Akhirnya, Frederico sudah membaca diarinya dan menutup diarinya. Diarinya menceritakan tentang kehidupan dia di dunia nyata 20 tahun yang lalu, Bagaimana dia mendapatkan teman baru, dan tidak lupa keriduan dia terhadap adik-adiknya.
Ha…hah…." "Jika, Lorezon dan Rebecca tidak berkhianat, maka tidak seperti ini."
"Tapi, yang terjadi ya maka terjadilah." Dia tersenyum "Aku harap ada suatu keajaiban. Ahh…. Siplah! Cukup hari ini." Dia menutup bukunya, dan ternyata adalah buku hariannya.
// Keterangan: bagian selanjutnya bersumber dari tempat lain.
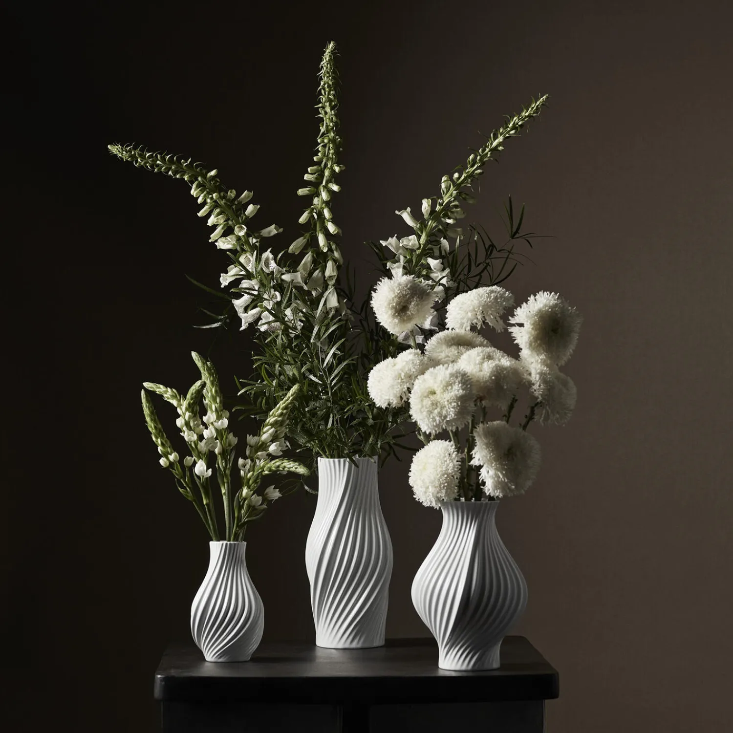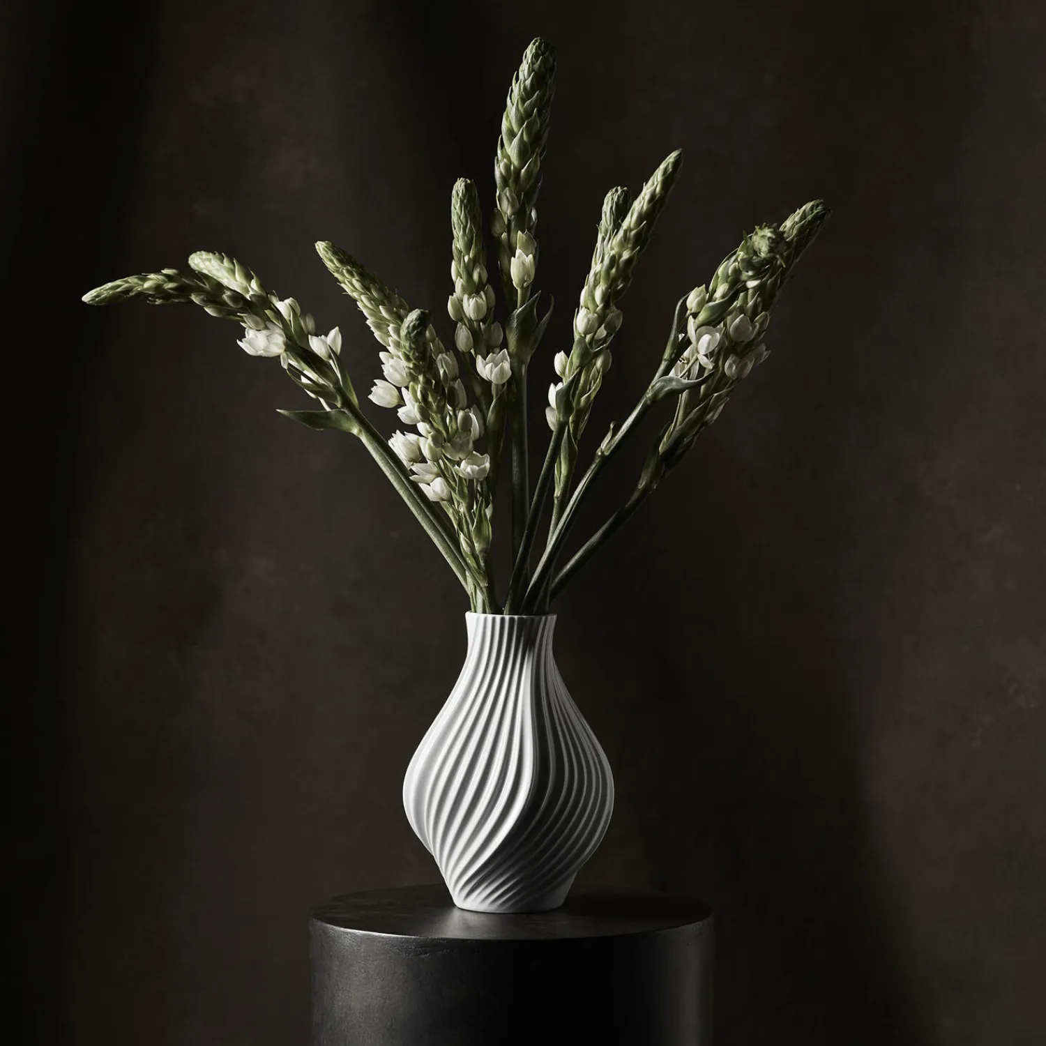 Et elegant møde mellem natur og kultur. Med Lyngby-seriens unikke Twist-vaser får du enkel, stilren og skulpturel porcelænsmagi, som vi kender det fra Lyngby Porcelæn, hvor arkivdesign, klassiske former og rendyrket æstetik udfoldes med i et formfuldendt designtwist med linjer, der inspirerer. Lyngby-designet er i dag veletableret som en sand klassiker i Lyngby Porcelæns sortiment – alle dele med de inspirerende linjer, der karakteriserer Lyngby Porcelæns minimalistiske og stilfulde design og giver Lyngby-serien sit helt særlige udtryk. Med Twist tager Lyngby Porcelæn et par stilige sving ad helt nye designveje og giver dig en vase inspireret af de naturlige formationer, du finder i naturen – barken på et træ, spiralformede galakser, svungne blomsterstængler og fortidsskabte formationer i landskabet. Ud over denne vase på 18 cm i højden findes Twist-vaserne også i størrelser på 25 cm og 31 cm, der matcher resten af Lyngby-serien. Som samlet serie komplimenterer de naturligvis hinanden perfekt, men de kan sagtens stå alene som skulpturelle designelementer forskellige steder i indretningen. Uanset størrelse og placering vil de alle være et lille, mellem eller stort statement i hjemmet, og med årstidens grene eller buketter kommer deres dynamiske form måske endnu mere til sin ret. Det giver en skøn tilføjelse af en naturlig ro og harmoni, men uden at det på nogen måde overtager vasernes karakteristiske formsprog. De kommer selvfølgelig alle sammen med det ikoniske logo i bunden, der sikrer dig, at du har fat i det ægte vasedesign – det fra Lyngby Porcelæn.

Akhirnya, Frederico Scarlet menemui dengan temannya yang bertemu 10 tahun yang lalu Himea Utsusemi. Akankah dia akan menepati janjinya kepadanya atau sebaliknya? Itu masih sebuah menjadi pertanyaan. Disaat yang sama, Shanon sudah ada di gerbang utama.
Karena Shanon melihat majikan mau keluar, dia bertanya "Goshujin-sama, anda mau kemana?"
Lalu Frederico jawab, bahwa dia mau keluar untuk menemui teman 10 tahun yang lalu. Dan juga, dia ingin mengunjung ke makam orang tuanya Patchouli. Sebenarnya, Shanon ingin ikut tapi tidak diperbolehkan oleh Majikannya. Frederico takut, jika mansionnya gak ada yang jaga karena Shanon adalah salah satu pelayan yang ada di mansion ini. Hanon sendiri belum kembali dari tugasnya.
Akhirnya Frederico Scarlet meninggalkan mansionnya. Dia ingin bertemu dengan teman yang pernah melawan dia 10 tahun yang lalu. Sebelum Frederico bertemu dengan temannya, dia beli 2 sekumpulan bunga di jalanan. untuk makam kedua orang tua Patchouli. Mereka mati karena dibunuh oleh Virgillia.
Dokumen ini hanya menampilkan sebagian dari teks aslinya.